L'antefatto[modifica | modifica wikitesto]

Chiusosi il primo decennio, il calcio italiano andò incontro ad importanti cambiamenti, dovuti alla decisione della FIF di italianizzare a forza il campionato, escludendovi i giocatori stranieri che avevano fondato il gioco in Italia. La scelta della Federazione colpì duramente i Football Club, e diede largo spazio alle Unioni Sportive e Ginniche che, più deboli in quanto non dirette dai maestri albionici, erano però usualmente formate completamente da atleti italiani, e fino ad allora si erano interessate maggiormente al parallelo campionato organizzato dalla Federazione Ginnica.
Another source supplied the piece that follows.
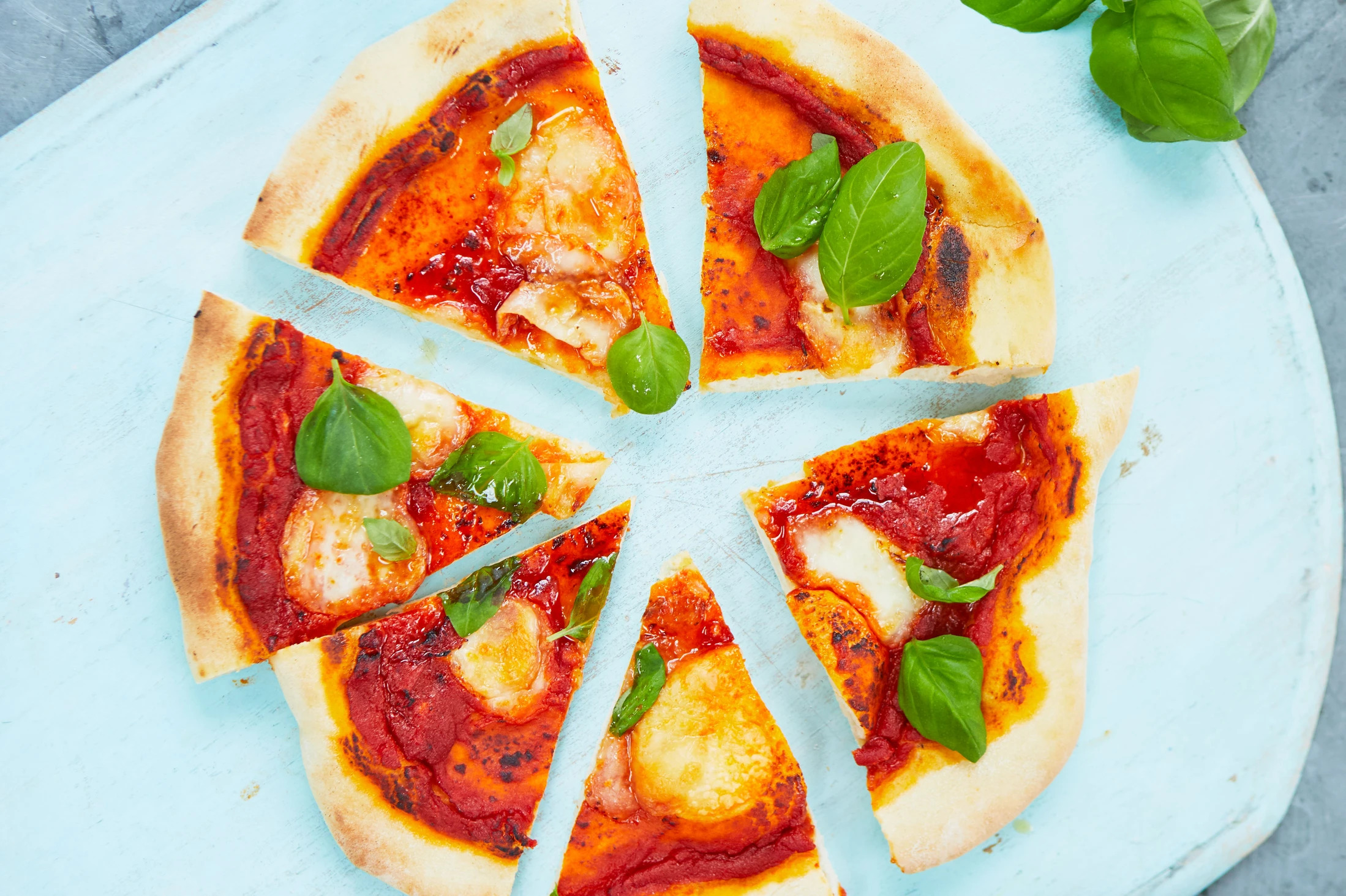 Make pizza for the family with a homemade base and tomato sauce. The recipe is perfect to get kids involved in cooking. Top with mozzarella and fresh basil

All'assemblea del 20 ottobre 1907, dunque, il presidente della Doria, Oberti, presentò un ordine del giorno con cui proponeva di organizzare un campionato parallelo a quello italiano, che fosse aperto a tutti, compresi gli stranieri:[2]

« L'Assemblea delibera che il Regolamento organico sia modificato in modo da comprendere due gare di campionato: la prima chiamata Campionato Federale, libera a tutti i soci appartenenti alle società iscritte alla Federazione, anche se stranieri..., e la seconda chiamata Campionato italiano e riservata ai soli giuocatori italiani o nazionalizzati... Alla prima sarà assegnata la Coppa Spensley... Alla seconda sarà invece assegnata la Coppa Buni... »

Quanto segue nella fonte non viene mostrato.